### YOUR INSTRUCTIONS
For this exercise, return all the data word for word, with images left out.

### DATA
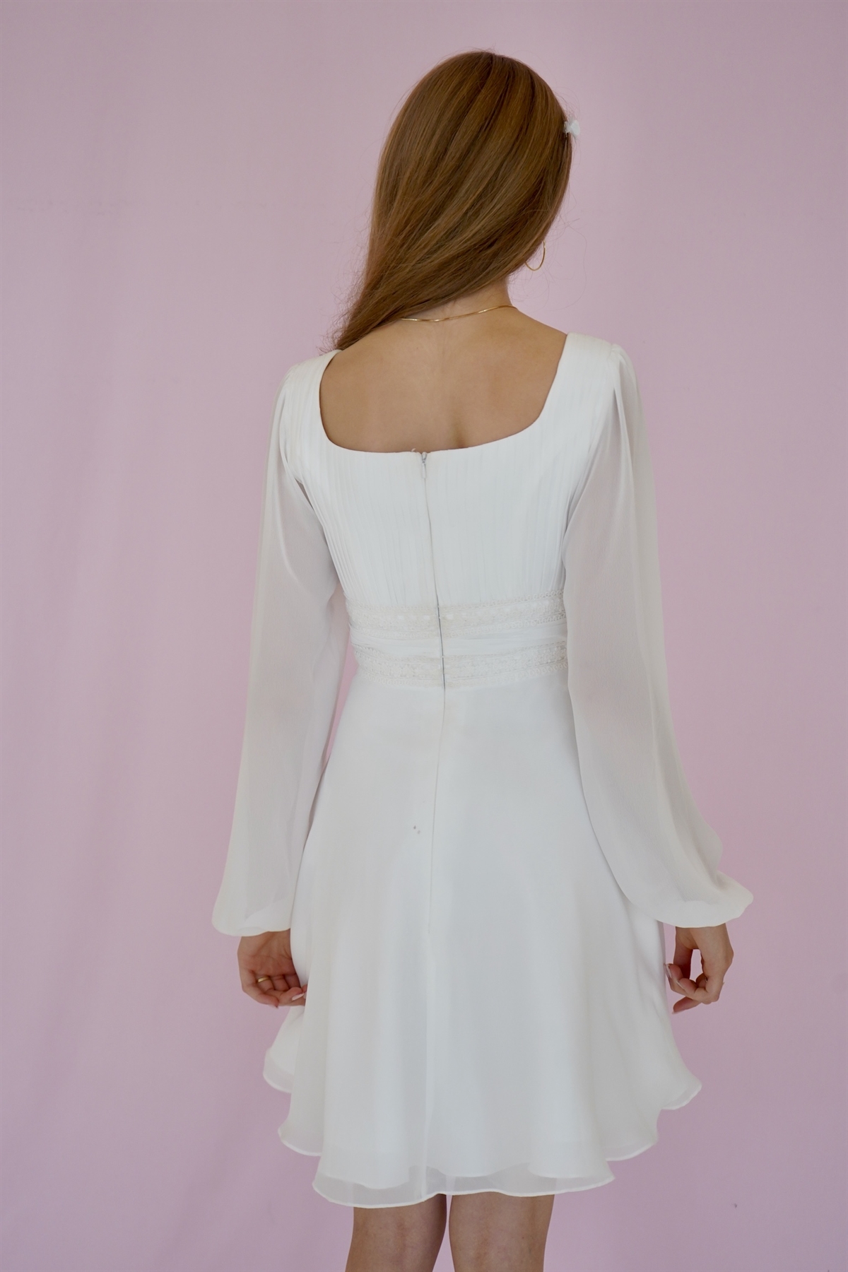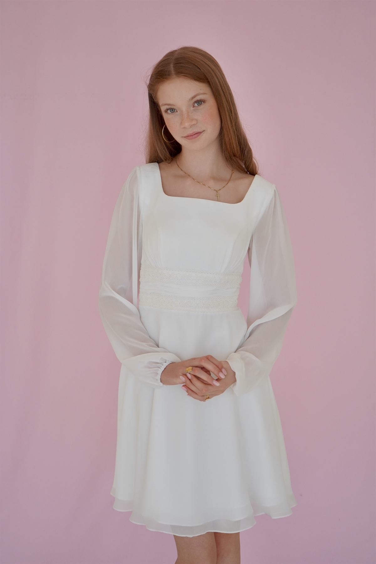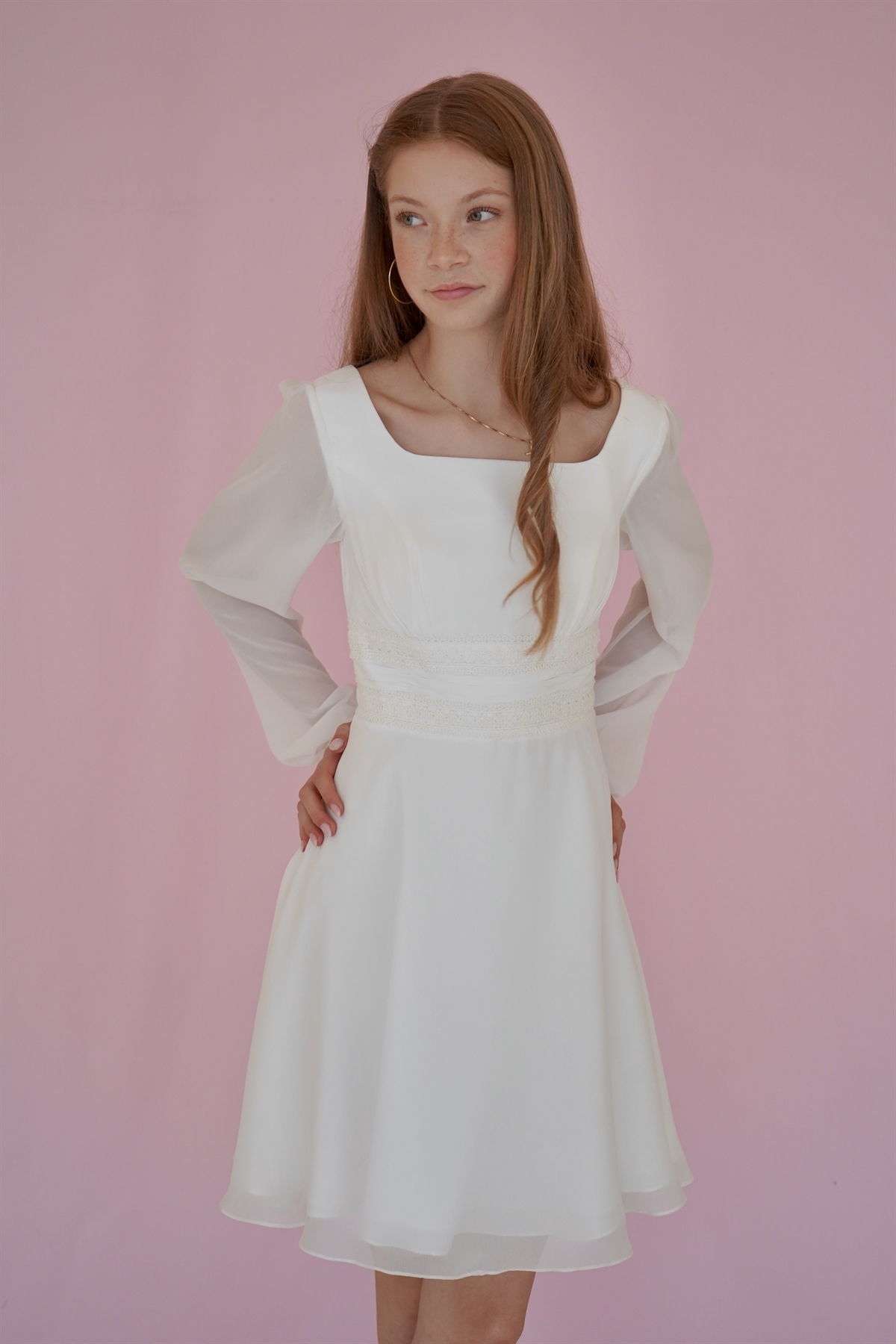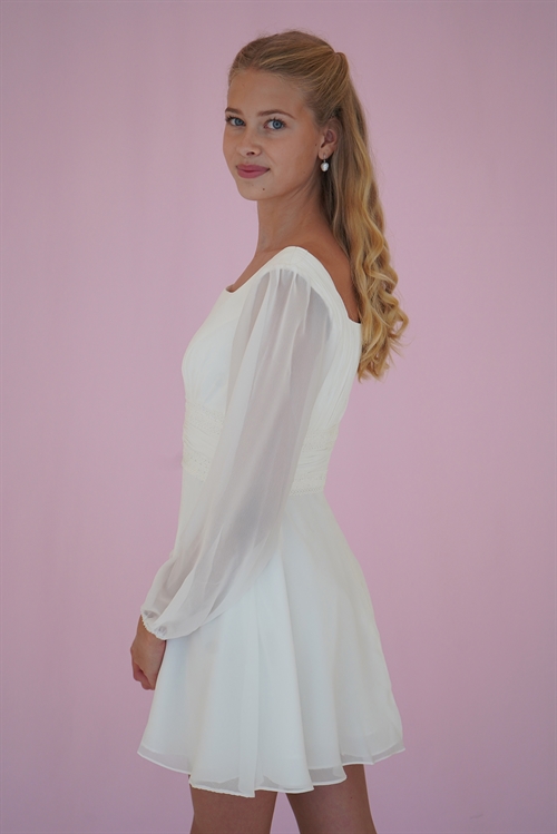 Konfirmationskjoler - Mille med flot blondetajle Leveringstid: Marts 2026 Varenr: 2303 Pris 1 Stk.2.999,00 DKK Vælg størrelse Vælg variant 34 36 38 Antal Beskrivelse Spørg til varen Konfirmationskjole Mille i chiffon med lange ærmer, bådeskæring, smukke blonde detaljer i taljen samt A-facon. Denne konfirmationskjole er en bestillingskjole som kan prøves i vores Butik/Showroom. form
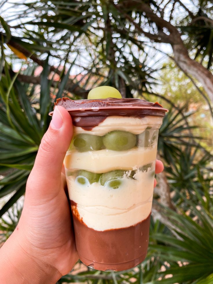 Copo recheado com uvas verdes sem caroço, creme de chocolate, creme de brigadeiro branco e bolacha triturada.
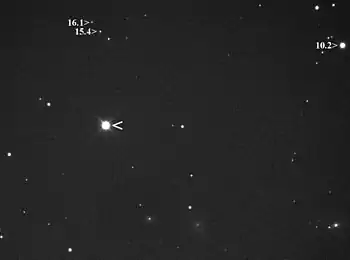 | Видимая звёздная величина (V) | Vmax = +7.34m, Vmin = + 15m[2] | ||||||
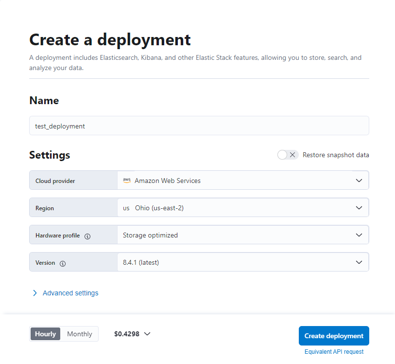 入力後、「Create deployment」を押下することで、Elastic Stackの構築が開始されます。
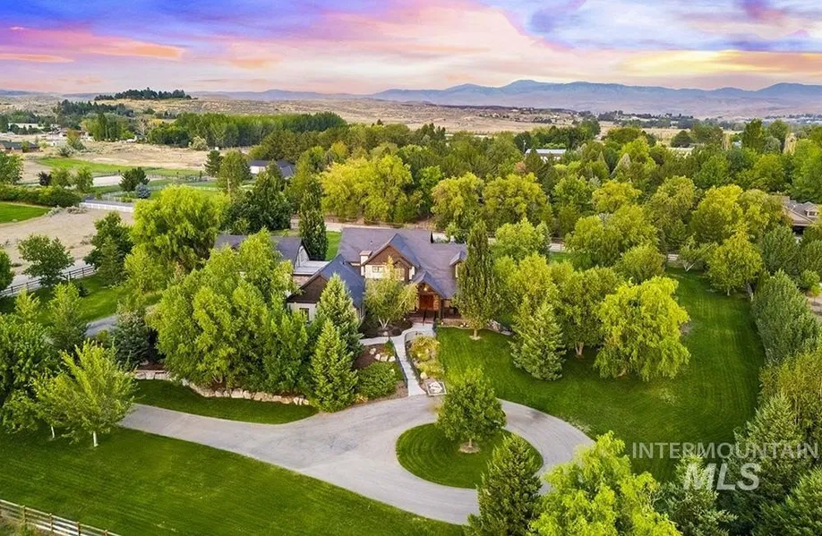 At the end of a quiet cul-de-sac, this Eagle acreage estate offers a rare blend of lifestyle & investment: a grand & spacious residence paired with a thriving truffle orchard of 250+ trees. Planted in 2019, the orchard is approaching production, with the potential for significant annual income & the unique joy of truffle farming – a pursuit long celebrated in Europe. Imagine hosting your own “truffle hunt,” followed by elegant dinner on the terrace overlooking your land. The 6,450 SF home is rich in rustic-European character, featuring arched double doors, a two-story great room with stone fireplace, and walls of windows framing the grounds. Multiple patios, porches, and an elevated terrace create seamless indoor-outdoor living, while an attached, finished space offers versatility for entertaining, ADU, creative studio, or business headquarters. With spacious suites, main-level primary, a bonus room, and flexible quarters connected by breezeway, this property provides unmatched potential & opportunity.
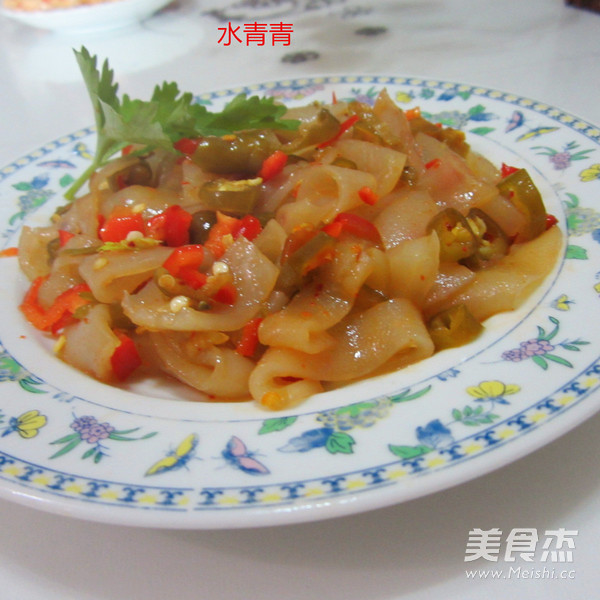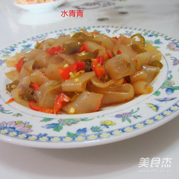 酸辣椒拌玉米粉皮,也就是粉皮是用玉米淀粉做的,自已在家试做的粉皮哦。正棕健康食物。 主料 酸辣椒3个 红辣椒半个 粉皮200克 辅料 蚝油半匙 生抽5克 辣椒油1勺 调味鲜2克 酸辣椒拌玉米粉皮的做法 1.刚用玉米淀粉做的粉皮 2.备酸辣椒,红辣椒 3.辣椒切碎,粉皮少许切块 4.碗里倒进辣椒油,撒上香葱,调味鲜,淋上生抽,蚝油合成汁 5.倒在粉皮碗里 6.拌匀置十分钟入味 7.即成 烹饪技巧 酸辣椒和辣椒先用油炒香也行

### PROBLEM SOLUTION
 Konfirmationskjoler - Mille med flot blondetajle Leveringstid: Marts 2026 Varenr: 2303 Pris 1 Stk.2.999,00 DKK Vælg størrelse Vælg variant 34 36 38 Antal Beskrivelse Spørg til varen Konfirmationskjole Mille i chiffon med lange ærmer, bådeskæring, smukke blonde detaljer i taljen samt A-facon. Denne konfirmationskjole er en bestillingskjole som kan prøves i vores Butik/Showroom. form
 Copo recheado com uvas verdes sem caroço, creme de chocolate, creme de brigadeiro branco e bolacha triturada.
 | Видимая звёздная величина (V) | Vmax = +7.34m, Vmin = + 15m[2] | ||||||
 入力後、「Create deployment」を押下することで、Elastic Stackの構築が開始されます。
 At the end of a quiet cul-de-sac, this Eagle acreage estate offers a rare blend of lifestyle & investment: a grand & spacious residence paired with a thriving truffle orchard of 250+ trees. Planted in 2019, the orchard is approaching production, with the potential for significant annual income & the unique joy of truffle farming – a pursuit long celebrated in Europe. Imagine hosting your own “truffle hunt,” followed by elegant dinner on the terrace overlooking your land. The 6,450 SF home is rich in rustic-European character, featuring arched double doors, a two-story great room with stone fireplace, and walls of windows framing the grounds. Multiple patios, porches, and an elevated terrace create seamless indoor-outdoor living, while an attached, finished space offers versatility for entertaining, ADU, creative studio, or business headquarters. With spacious suites, main-level primary, a bonus room, and flexible quarters connected by breezeway, this property provides unmatched potential & opportunity.
 酸辣椒拌玉米粉皮,也就是粉皮是用玉米淀粉做的,自已在家试做的粉皮哦。正棕健康食物。 主料 酸辣椒3个 红辣椒半个 粉皮200克 辅料 蚝油半匙 生抽5克 辣椒油1勺 调味鲜2克 酸辣椒拌玉米粉皮的做法 1.刚用玉米淀粉做的粉皮 2.备酸辣椒,红辣椒 3.辣椒切碎,粉皮少许切块 4.碗里倒进辣椒油,撒上香葱,调味鲜,淋上生抽,蚝油合成汁 5.倒在粉皮碗里 6.拌匀置十分钟入味 7.即成 烹饪技巧 酸辣椒和辣椒先用油炒香也行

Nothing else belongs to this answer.